Using the data that follows, output only the lines from the line with "Combines metalworking precision" up to and including the line with "WraptorSkinz® skin wraps", exactly, leaving pictures aside.
(Data listing)
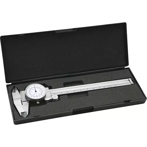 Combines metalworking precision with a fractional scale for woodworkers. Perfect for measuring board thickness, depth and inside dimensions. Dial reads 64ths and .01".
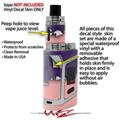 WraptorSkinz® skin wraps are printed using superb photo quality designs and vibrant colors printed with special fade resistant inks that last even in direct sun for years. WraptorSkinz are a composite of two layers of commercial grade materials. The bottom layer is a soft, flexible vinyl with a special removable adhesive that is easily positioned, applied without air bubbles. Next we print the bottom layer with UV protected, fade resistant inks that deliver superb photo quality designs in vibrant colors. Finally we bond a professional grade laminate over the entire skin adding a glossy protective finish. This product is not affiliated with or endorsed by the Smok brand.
(End Data listing)
(Data listing)
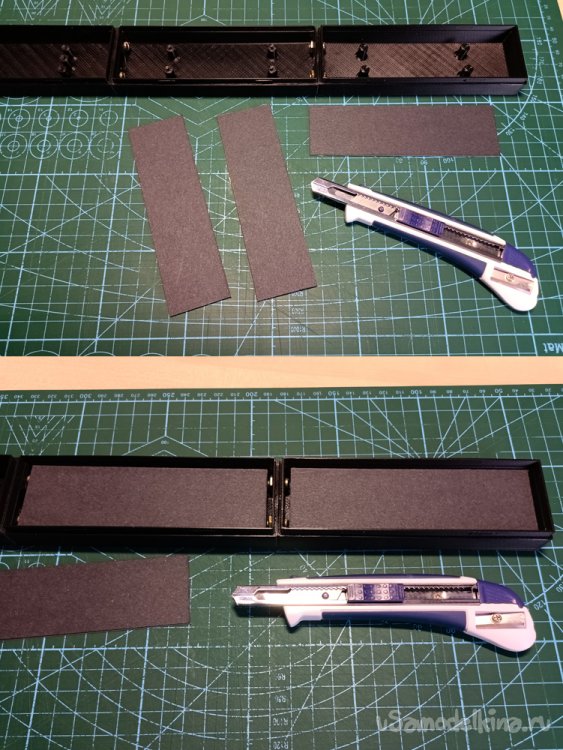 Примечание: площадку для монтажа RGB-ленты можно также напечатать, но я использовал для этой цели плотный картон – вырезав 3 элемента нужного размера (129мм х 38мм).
(End Data listing)
__Exercise output__
 Combines metalworking precision with a fractional scale for woodworkers. Perfect for measuring board thickness, depth and inside dimensions. Dial reads 64ths and .01".
 WraptorSkinz® skin wraps are printed using superb photo quality designs and vibrant colors printed with special fade resistant inks that last even in direct sun for years. WraptorSkinz are a composite of two layers of commercial grade materials. The bottom layer is a soft, flexible vinyl with a special removable adhesive that is easily positioned, applied without air bubbles. Next we print the bottom layer with UV protected, fade resistant inks that deliver superb photo quality designs in vibrant colors. Finally we bond a professional grade laminate over the entire skin adding a glossy protective finish. This product is not affiliated with or endorsed by the Smok brand.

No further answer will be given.